By Toria WatsonIf you’ve never heard of Celeste Butler, I encourage you to look her up on YouTube because you soon will. Last Friday Celeste performed at our 35th anniversary concert as a Moonlight Youth Theatre participant. Butler is a resident of Oceanside and, like many youth in her age range, has received arts education and training thanks to the Moonlight Cultural Foundation’s youth theatre program.
A nonprofit organization founded in 1974, Moonlight Cultural Foundation contributes several hundred thousand dollars annually to Moonlight Stage Productions. Together the City of Vista and Moonlight Cultural Foundation present outstanding, year-round live theater experiences and participatory arts education to nearly 80,000 residents of San Diego’s North County and beyond each year. Our primary goal is to increase availability of live theater and theater education for all regional youngsters and their parents, particularly Hispanic and Latino young people who comprise the majority of students in North County’s 13 school districts (53 percent in Vista Unified), as well as military families.
Seeing firsthand the incredible transformation that these youth undergo as a result of an arts education makes it very apparent that including the arts in education is not a luxury but a necessity. Organizations need to realize that arts education is, in fact, a core program, hence the transformation from STEM (science, technology, engineering, math) to STEAM.
It has been well documented that creative activities are some of the building blocks of child development. Motor skills in young children, decision making, enhanced academic performance, visual learning, inventiveness, cultural awareness, language development and improved self-esteem are just a few of the benefits of an arts education. Multiple studies have shown that students who do not have art classes miss out on this important creative outlet, could face difficulty with core subjects, have more behavioral problems and a higher dropout rate. Additionally, 93 percent of Americans value the arts as vital to a well-rounded education.
Then why are we eliminating arts in our education programs when one out of six jobs in Southern California is now in the creative industries and the creative economy is the second largest regional business sector?
The state’s budget crisis has significantly reduced the amount of time spent on arts education by 22 percent. By 2009, 60 percent of districts had shifted Arts & Music Block Grant funds away from these programs and 20 percent had eliminated arts programs altogether.
Organizations should support the arts because it is a sound investment with significant ROI. The arts generate prosperity, are economic drivers, create jobs, produce tax revenue, revitalize rural areas and inner cities, foster well being and promote critical thinking and innovation — all of which is critical to today’s 21st century work force.
The greatest gift that I personally was given by an arts education, and thankfully by a very generous donor, was being exposed to different ideas and lifestyles, families, thought processes and socio-economic ideas. My experience studying theater and dance gave me a well-rounded background and provided me with opportunities that I otherwise would not have had.

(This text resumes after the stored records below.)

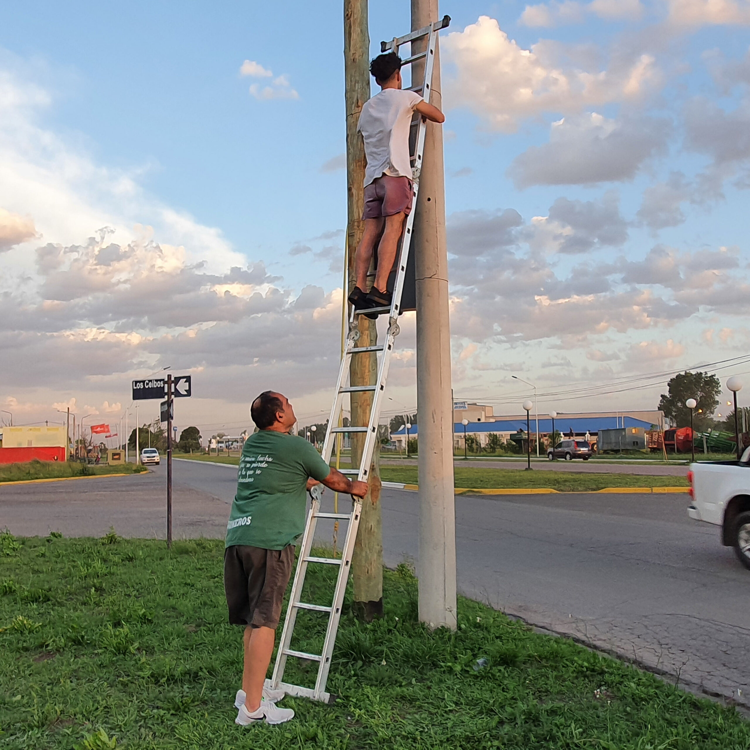 Al atardecer, momento en que tomamos las fotografías, el viento dificulta la tarea que se realizaba sin inconvenientes hasta que cambió el clima, de todos modos continuarán, aseguraron las dos personas que van descolgado los carteles.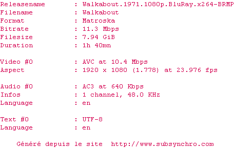 Walkabout.1971.1080p.BluRay.x264-BRMP.srt Ajouté par Ultimhate Ajoute le 18-04-2012 14:26:17 Format : SRT Italique : Oui Taille : 0.00Ko Telechargement : 92 Sous-titre Extrait d'un DVD Z2 Ajouter cette release à ma collection en cas de telechargement des sous-titres 0 0 0 Telecharger le ZiP contenant NFO, Affiche, Sous-titre (*.srt) Commentez le fichier Walkabout.1971.1080p.BluRay.x264-BRMP.srt Commentez le fichier Walkabout.1971.1080p.BluRay.x264-BRMP.srt Commentez ce fichier Le fichier 138-1334751977.srt n'existe pas ! Telechargez le RSS « Fichier de la release Walkabout.1971.1080p.BluRay.x264-BRMP » Retour au film « La Randonnée »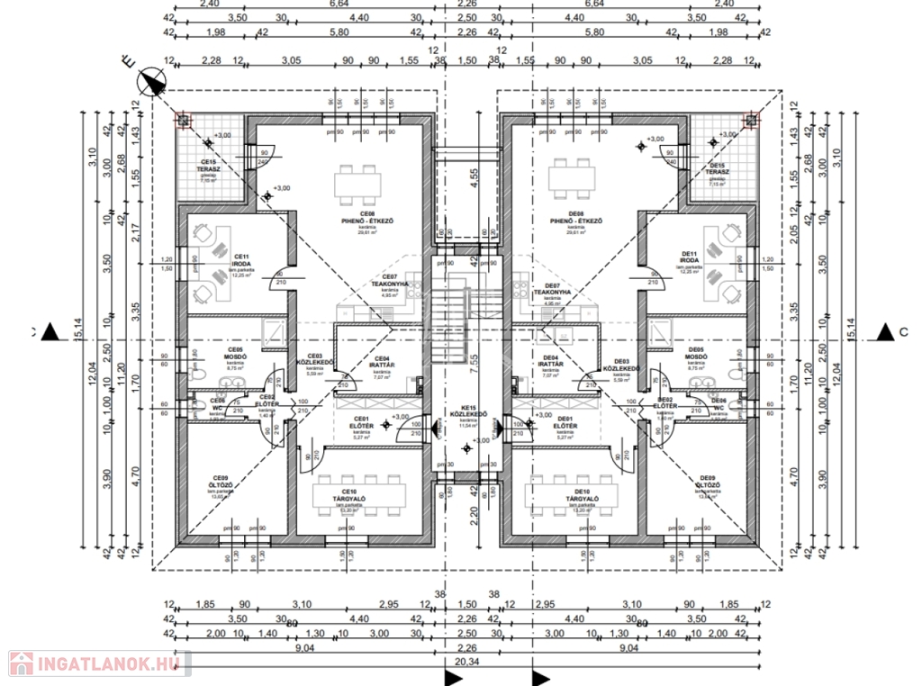 C jelű emeleti iroda 7,12 m2 terasszal 103,67 m2 hasznos térrel: 76.200.000 ft

As executive director of the Moonlight Cultural Foundation, my goal is to expand current funds available to give more children an opportunity to engage in the foundation’s arts programs. I also wish to increase volunteer opportunities associated with Moonlight Cultural Foundation programs, expand the corporate portfolio for the summer season as well as new spring and fall programming in order to provide funds to support Moonlight Stage Productions’ costs associated with larger scale productions, implementing new technologies, drawing top talent on stage, in the orchestra and technical professionals.
I encourage organizations to join us in ensuring that the arts are not taken away from our youth. Help youth build self-esteem and confidence. Help them find their creative voice. Help them discover opportunity and learn about other cultures. The creative industry is one of the major driving forces of our economy and yet 85 percent of surveyed business executives indicated that they are currently having difficulty recruiting individuals who possess creative ability.
There are many more Celeste Butlers out there in the world and we need to feed that talent so that it grows and produces positive outcomes for youth and our entire society.
Toria Watson is the executive director of the Moonlight Cultural Foundation, a 501(c)(3) nonprofit organization. The foundation was formed in 1974 and is the fundraising arm as well as the producing partner for Moonlight Stage Productions, a program of the City of Vista.